» EXERCISE INSTRUCTIONS
I'd like the listing below copied exactly, with the images left out.

» INFORMATION SUPPLIED
***
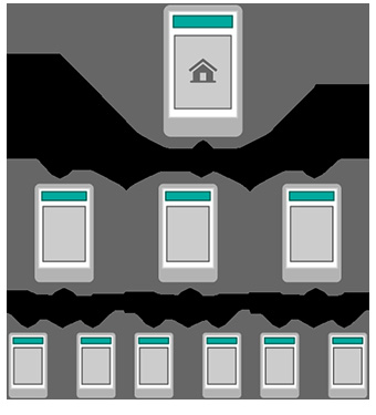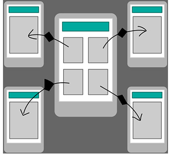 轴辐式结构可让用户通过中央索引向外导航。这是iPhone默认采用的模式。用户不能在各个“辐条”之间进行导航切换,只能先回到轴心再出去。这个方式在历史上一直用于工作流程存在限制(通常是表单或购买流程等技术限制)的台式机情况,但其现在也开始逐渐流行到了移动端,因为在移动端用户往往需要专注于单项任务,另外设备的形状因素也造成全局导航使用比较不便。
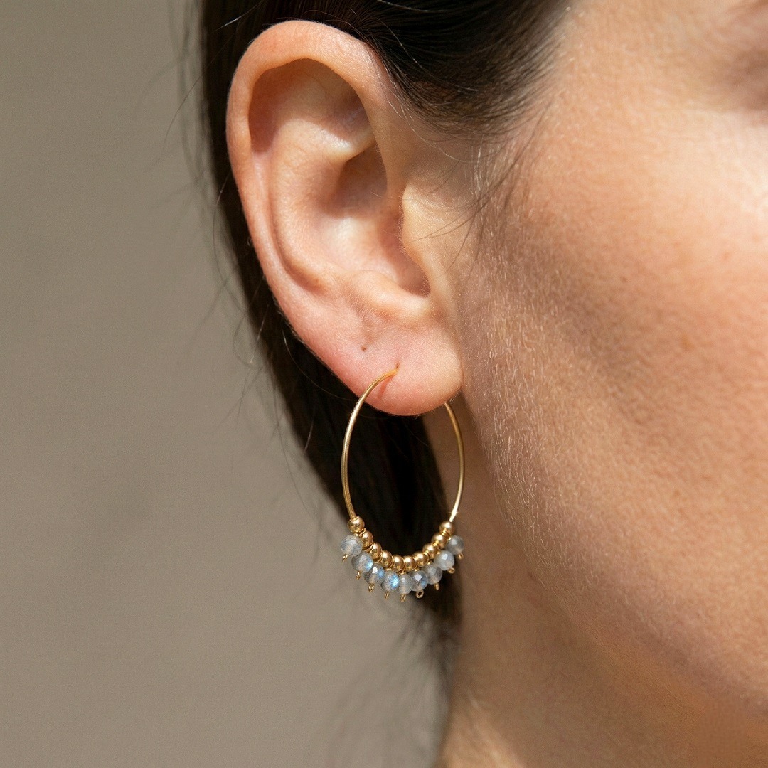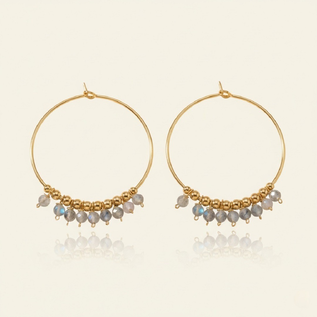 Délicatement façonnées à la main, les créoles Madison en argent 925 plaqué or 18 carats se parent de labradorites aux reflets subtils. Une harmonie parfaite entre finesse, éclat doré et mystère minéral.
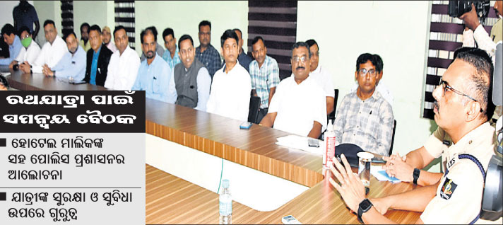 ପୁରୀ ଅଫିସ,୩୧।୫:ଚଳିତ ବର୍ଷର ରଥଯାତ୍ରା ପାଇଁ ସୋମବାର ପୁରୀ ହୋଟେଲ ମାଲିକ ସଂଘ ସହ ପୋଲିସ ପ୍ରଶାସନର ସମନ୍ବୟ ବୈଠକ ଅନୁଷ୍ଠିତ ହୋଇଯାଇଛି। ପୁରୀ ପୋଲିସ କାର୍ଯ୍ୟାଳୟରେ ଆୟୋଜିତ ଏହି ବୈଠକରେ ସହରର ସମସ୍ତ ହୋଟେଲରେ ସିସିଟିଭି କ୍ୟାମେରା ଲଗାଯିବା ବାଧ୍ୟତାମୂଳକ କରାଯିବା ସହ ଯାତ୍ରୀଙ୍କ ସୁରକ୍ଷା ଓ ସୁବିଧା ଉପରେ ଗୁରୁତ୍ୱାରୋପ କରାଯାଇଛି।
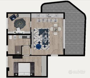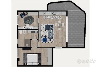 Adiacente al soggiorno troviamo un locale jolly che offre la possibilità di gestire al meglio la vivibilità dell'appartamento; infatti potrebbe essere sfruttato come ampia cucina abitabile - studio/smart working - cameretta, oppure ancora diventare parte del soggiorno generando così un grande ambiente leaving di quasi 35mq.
***
» SOLUTION BELOW
 轴辐式结构可让用户通过中央索引向外导航。这是iPhone默认采用的模式。用户不能在各个“辐条”之间进行导航切换,只能先回到轴心再出去。这个方式在历史上一直用于工作流程存在限制(通常是表单或购买流程等技术限制)的台式机情况,但其现在也开始逐渐流行到了移动端,因为在移动端用户往往需要专注于单项任务,另外设备的形状因素也造成全局导航使用比较不便。
 Délicatement façonnées à la main, les créoles Madison en argent 925 plaqué or 18 carats se parent de labradorites aux reflets subtils. Une harmonie parfaite entre finesse, éclat doré et mystère minéral.
 ପୁରୀ ଅଫିସ,୩୧।୫:ଚଳିତ ବର୍ଷର ରଥଯାତ୍ରା ପାଇଁ ସୋମବାର ପୁରୀ ହୋଟେଲ ମାଲିକ ସଂଘ ସହ ପୋଲିସ ପ୍ରଶାସନର ସମନ୍ବୟ ବୈଠକ ଅନୁଷ୍ଠିତ ହୋଇଯାଇଛି। ପୁରୀ ପୋଲିସ କାର୍ଯ୍ୟାଳୟରେ ଆୟୋଜିତ ଏହି ବୈଠକରେ ସହରର ସମସ୍ତ ହୋଟେଲରେ ସିସିଟିଭି କ୍ୟାମେରା ଲଗାଯିବା ବାଧ୍ୟତାମୂଳକ କରାଯିବା ସହ ଯାତ୍ରୀଙ୍କ ସୁରକ୍ଷା ଓ ସୁବିଧା ଉପରେ ଗୁରୁତ୍ୱାରୋପ କରାଯାଇଛି।
 Adiacente al soggiorno troviamo un locale jolly che offre la possibilità di gestire al meglio la vivibilità dell'appartamento; infatti potrebbe essere sfruttato come ampia cucina abitabile - studio/smart working - cameretta, oppure ancora diventare parte del soggiorno generando così un grande ambiente leaving di quasi 35mq.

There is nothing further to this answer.